Blight already?
After sunny warm weather for ten days or more, we had a thunderstorm on Friday and then rain last night and this morning.
I've just gone to check on the potatoes which were growing so well last week, only to find an entire bed of Linzer Delicatess and some others with foliage rotting and going brown. Surely this can't be blight already?
I have been 'earthing them up' with grass cuttings but would imagine the blight came in the heavy rain. But what should we do now?
Few of the potatoes seem to have much more than a few pea sized potatoes so far, but I am sure this will spread to all the healthy plants. Is it too late to spray with Bordeaux mixture?
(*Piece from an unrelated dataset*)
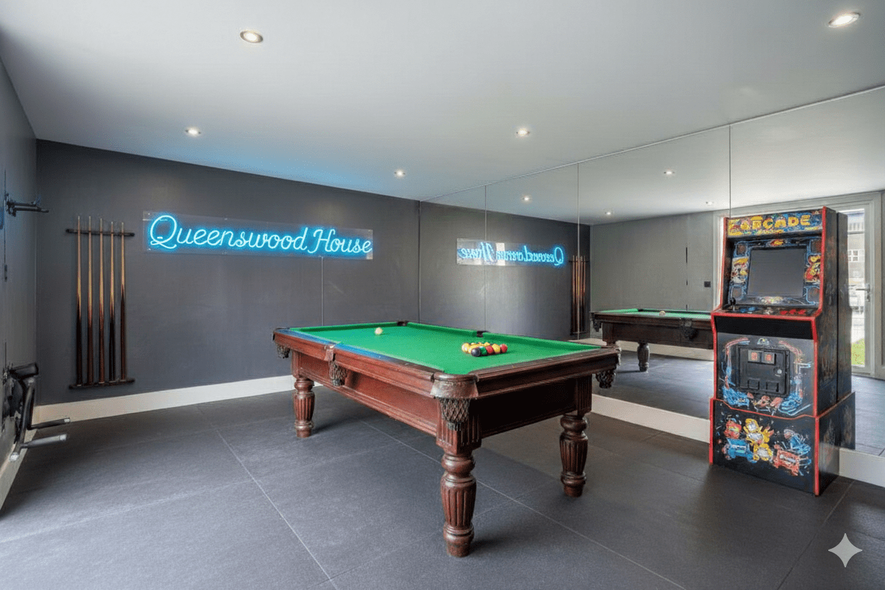 For fun-filled evenings at home, the purpose-built games room is a standout feature, complete with an arcade machine and pool table — guaranteed entertainment for guests of all ages.

And what will happen to all the young tomato plants I have just planted out?
This seems like it's going to be a disaster, especially as the weather is due to remain showery for another week.
Any suggestions about how to minimise the disaster would be welcome.
After sunny warm weather for ten days or more, we had a thunderstorm on Friday and then rain last night and this morning.
I've just gone to check on the potatoes which were growing so well last week, only to find an entire bed of Linzer Delicatess and some others with foliage rotting and going brown. Surely this can't be blight already?
I have been 'earthing them up' with grass cuttings but would imagine the blight came in the heavy rain. But what should we do now?
Few of the potatoes seem to have much more than a few pea sized potatoes so far, but I am sure this will spread to all the healthy plants. Is it too late to spray with Bordeaux mixture? And what will happen to all the young tomato plants I have just planted out?
This seems like it's going to be a disaster, especially as the weather is due to remain showery for another week.
Any suggestions about how to minimise the disaster would be welcome.



You'll have to be ultra vigilant, chopping off and burning any affected foliage that appears from now on. A thick mulch on your remaining spuds would help to protect the tubers from any spores washed onto the soil too; straw/grass-clippings/shredded paper or even plain cardboard.